++++ Given data ++++
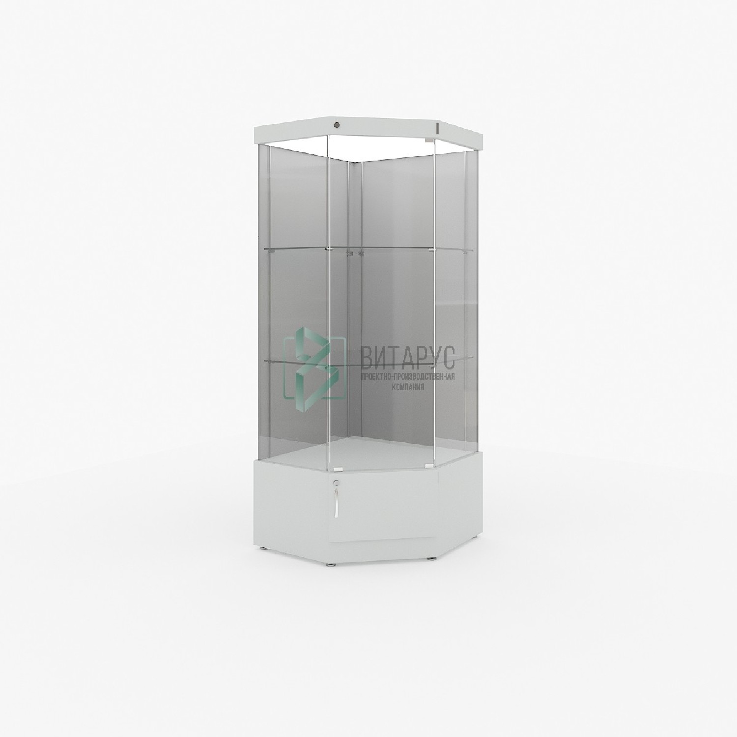 Витрина экспозиционная вертикальная угловая пристенная со световым блоком на тумбе
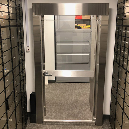 DN Daygate uses a standard key locking lever style handle on the outside and just a lever handle on the inside with no keylock. This eliminates any problems with municipal fire codes that do not allow a key to be used to exit from inside the vault.
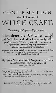 John Stearne (c. 1610–1670)[1] was an associate of self-styled "Witchfinder General" Matthew Hopkins, who was active during the English Civil War.[2] The duo's activities were heavily fictionalized in the 1968 horror film Witchfinder-General (U.S. title: The Conqueror Worm). Stearne was known at various times as the witch-hunter,[3][4] and "witch pricker".[5]
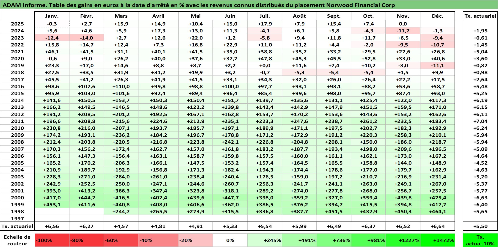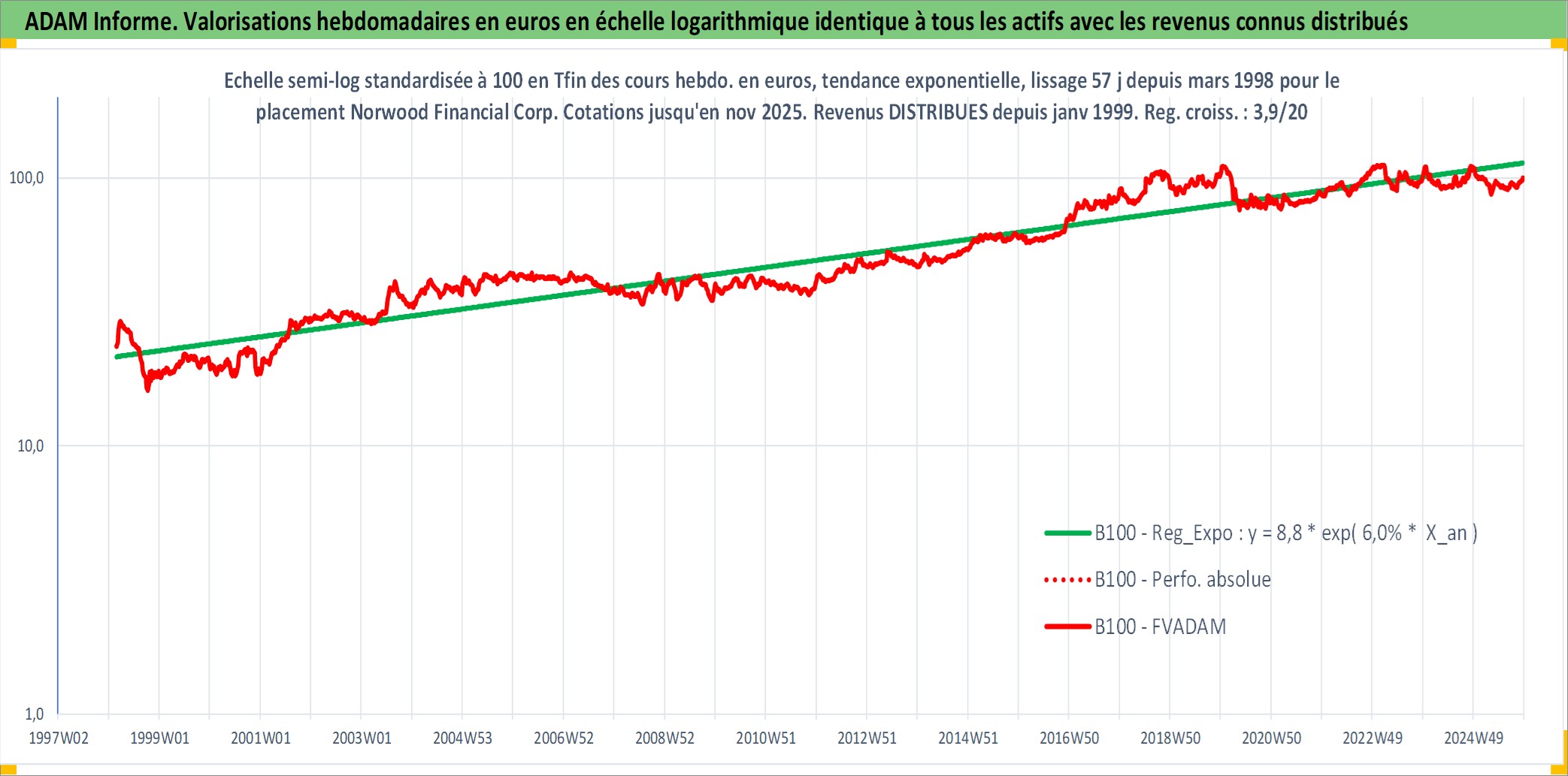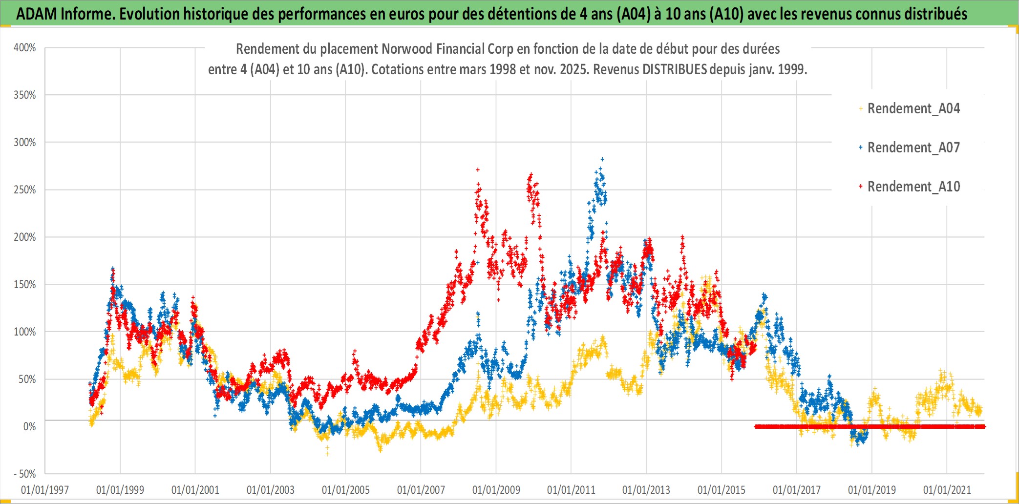 Site dédié aux investisseursPage dédiée sur site financeAnalyse des valorisations hebdomadaires de l'action Norwood Financial Corp. Cet actif est cote en USD. Les valorisations sont en contrevaleur EURO et couvrent les semaines 1998W10 a 2025W48. Les revenus de cet actif financier sont pris en compte depuis la semaine 1999W02. La note ESG de cet actif n'est pas connue.
++++
Aim of the task
Recopy the whole listing above precisely, excluding images.

Problem solution
 Витрина экспозиционная вертикальная угловая пристенная со световым блоком на тумбе
 DN Daygate uses a standard key locking lever style handle on the outside and just a lever handle on the inside with no keylock. This eliminates any problems with municipal fire codes that do not allow a key to be used to exit from inside the vault.
 John Stearne (c. 1610–1670)[1] was an associate of self-styled "Witchfinder General" Matthew Hopkins, who was active during the English Civil War.[2] The duo's activities were heavily fictionalized in the 1968 horror film Witchfinder-General (U.S. title: The Conqueror Worm). Stearne was known at various times as the witch-hunter,[3][4] and "witch pricker".[5]
 Site dédié aux investisseursPage dédiée sur site financeAnalyse des valorisations hebdomadaires de l'action Norwood Financial Corp. Cet actif est cote en USD. Les valorisations sont en contrevaleur EURO et couvrent les semaines 1998W10 a 2025W48. Les revenus de cet actif financier sont pris en compte depuis la semaine 1999W02. La note ESG de cet actif n'est pas connue.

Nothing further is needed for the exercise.